Months are the part that I spent most time fiddling with. Section 1.12 of Calendrical Calculations develops various equations for calendars (such as the Julian calendar) that spread their leap years evenly, like Bresenham's line drawing algorithm spreads out raster steps. The equations also work for month lengths in the Julian and Gregorian calendars, if you treat 30-day months as normal years and 31 day months as leap years, and ignore February. We want to calculate the number of days in a year before the start of a given month, which is calculated by equation 1.73:

        (L*y - L + D*L % C) / C + (y - 1) * N

where L is the number of leap years in a cycle, C is the total number of years in a cycle, D is the offset of the start of the cycle, N is the number of days in a normal year, and years are actually months.

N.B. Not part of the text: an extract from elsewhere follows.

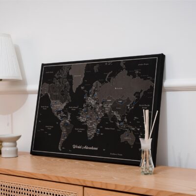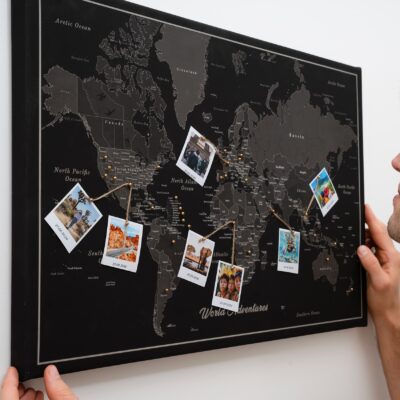 Nasza mapa oferuje możliwość przypinania odwiedzonych miejsc, dzięki czemu wspomnienia z podróży nigdy nie wyblakną. Dzięki drukowaniu w wysokiej rozdzielczości, odwzorowanie wszystkich krajów oraz większych wysp. Solidna, trwała konstrukcja mapy sprawia, że jest to wytrzymały element, który przetrwa twoje podróże.

Yuck. It turns out that if we perform the right administrative fiddling, we can arrange that D=0, and we can substitute m=y-1. This gives us the greatly simplified:

        m*L/C + m*N = m * (N*C+L) / C

For Julian and Gregorian months, N=30, C=12, and L=7, giving m*367/12. This pretends that February has 30 days, but the pretence doesn't matter because we have moved February to the end of the year so we never count days after February 28th or 29th . The complete function is then as follows (with the epoch set so that 1st January, 1 A.D. is day 1).

    int A(int y, int m, int d) {
        if (m > 2) m -= 2; else m += 10, y -= 1;
        return y*365 + y/4 - y/100 + y/400 + m*367/12 + d - 336;

In fact you don't have to treat a whole year as a cycle for the purpose of the month calculation. The most basic pattern is a five month cycle containing three long months, as in March-July and August-December. (January and February are the start of a third truncated cycle.) However when I tried to make m*153/5 work in 1999 I could not eliminate the D offset to keep the equations simple. My problem was that I only allowed myself to count months starting from zero or one, and I was flailing around without the sage guidance of messrs. Dershowitz and Reingold. (I didn't use their equation 1.73 when I was developing this code, but it's a good example of what I was trying to avoid.)

It turns out that we can play around with the administrative fiddle to adjust D so that the cycle falls in the right place, so long as we compensate by adjusting the epoch constant. For the Julian and Gregorian five-month cycle D=4, i.e. we need to shift March (the start of the cycle) to month number 4, which gives us the following code.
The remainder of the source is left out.